▶ PROBLEM
Set down, exactly as written, the lines from the top of the data to the line that holds "Напевно, найдивніше було", and omit the pictures.

▶ EXERCISE DATA
------------------------------------------------

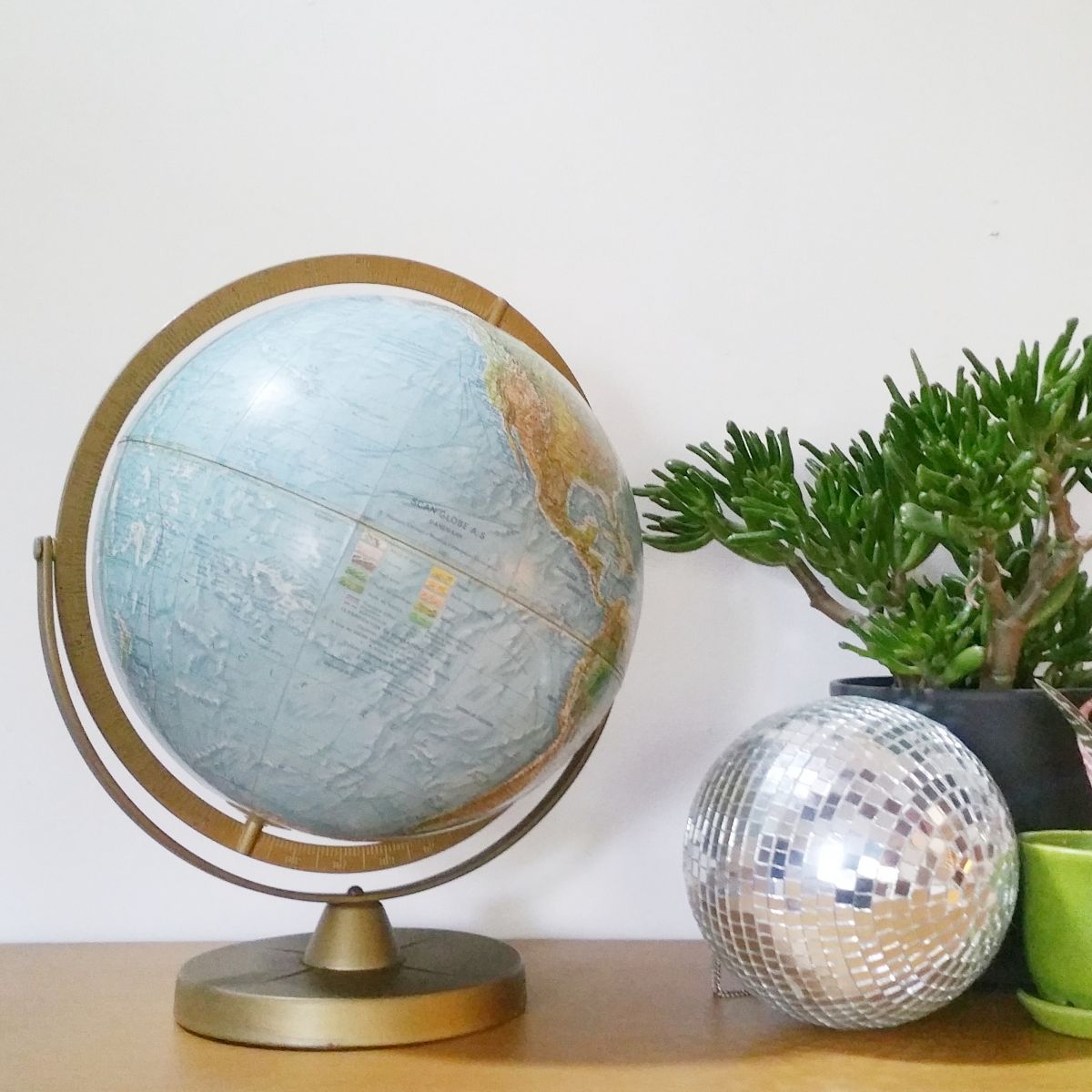 elle mappemonde/ globe rétro estampillé Scan Globe - Danemark.
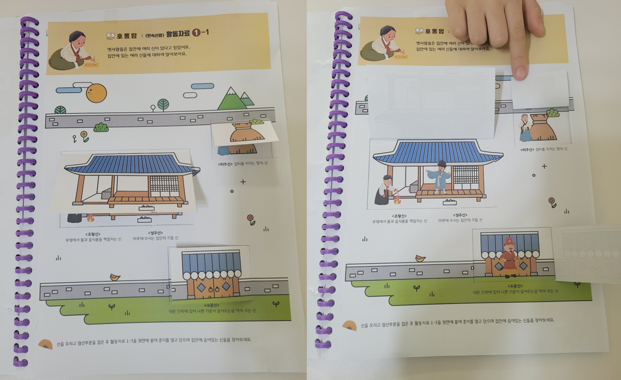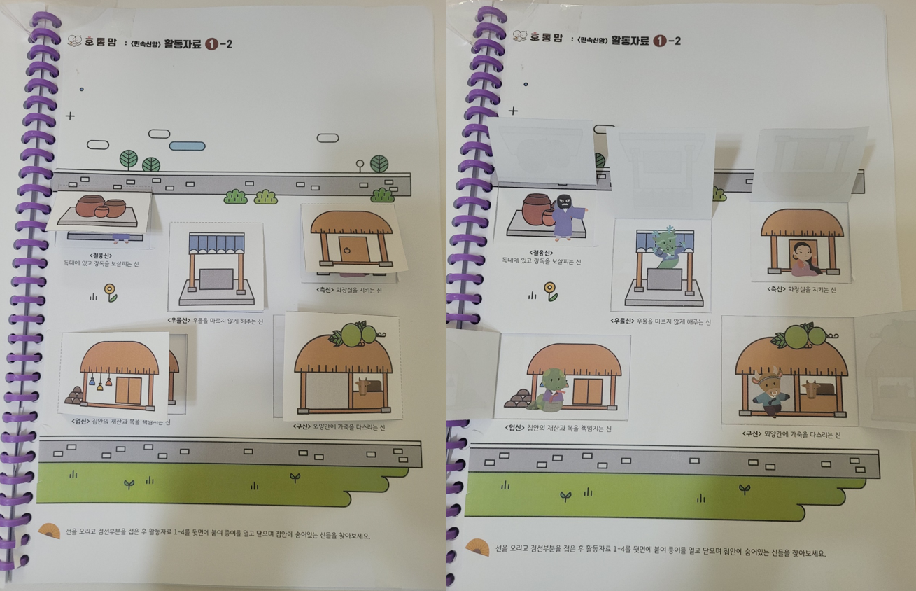 활동후에 민속신앙 붙임딱지도 예쁘게 붙여주었어요 :)
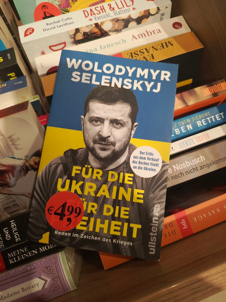 Напевно, найдивніше було бачити політичну частину нашого життя. Борди з обличчям Зеленського, книги та журнали аналітиків про війну. Але прямо артефакт – це книга витяг з інтерв’ю Зеленського 2022 року. Не знаю… Це просто було дивно спостерігати.
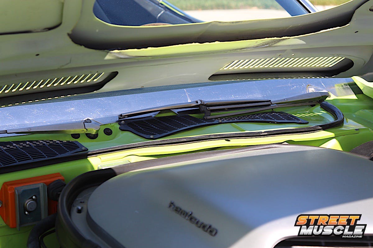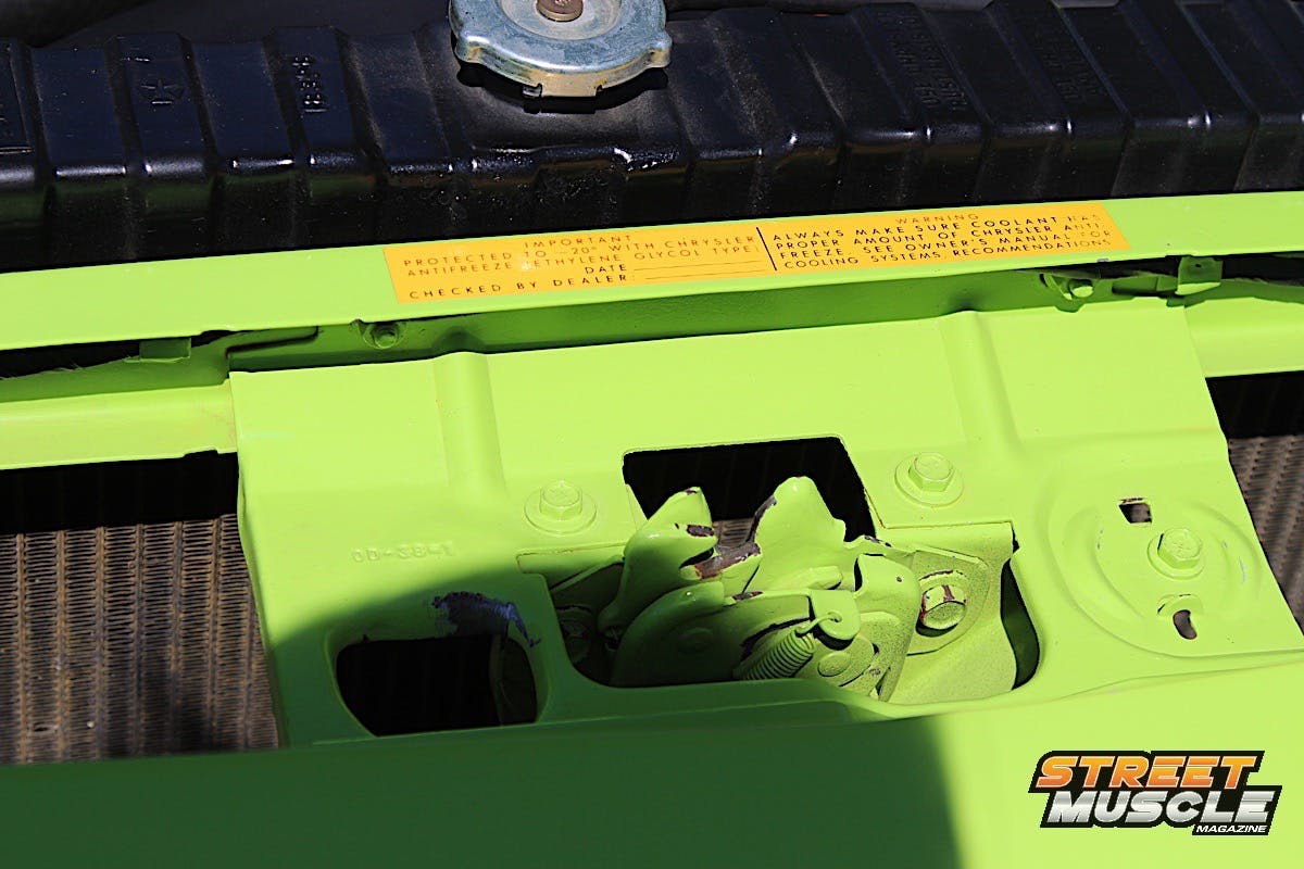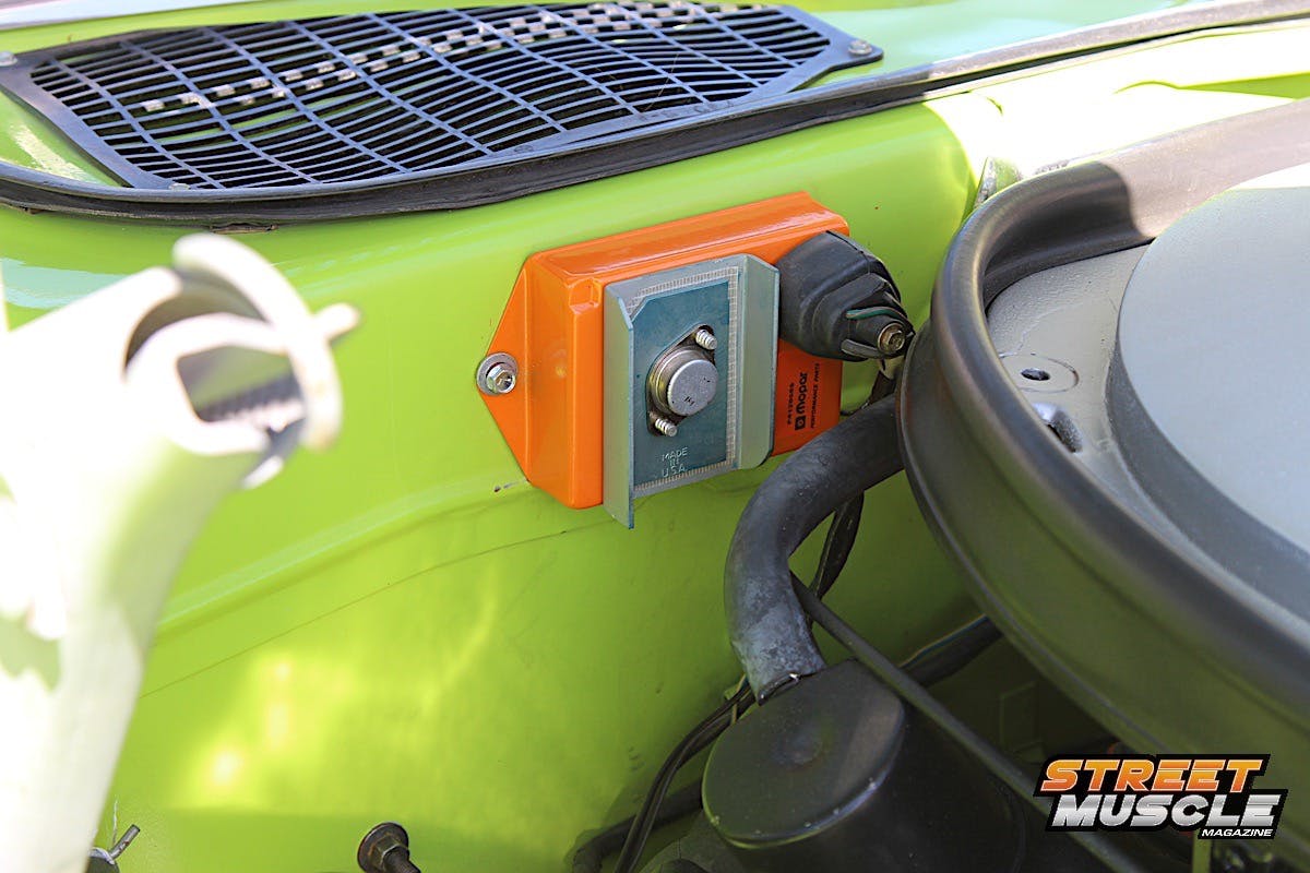 Inside the ‘Cuda, the interior has been redone, to look like it did originally, and on the glovebox door is a set of signatures from important people in the Mopar community. Tom Hoover, Tom Coddington, Mike Buckel, and Dave Rockwell each laid down their autographs. If those names sound familiar, it’s because they were on the team of the original Ramchargers (remember High & Mighty?). You’ve seen Tom Coddington’s name lately on the “Crate” for the new Dodge Challenger SRT Demon. Yep, same guy.

------------------------------------------------

▶ TASK SOLUTION
 elle mappemonde/ globe rétro estampillé Scan Globe - Danemark.
 활동후에 민속신앙 붙임딱지도 예쁘게 붙여주었어요 :)
 Напевно, найдивніше було бачити політичну частину нашого життя. Борди з обличчям Зеленського, книги та журнали аналітиків про війну. Але прямо артефакт – це книга витяг з інтерв’ю Зеленського 2022 року. Не знаю… Це просто було дивно спостерігати.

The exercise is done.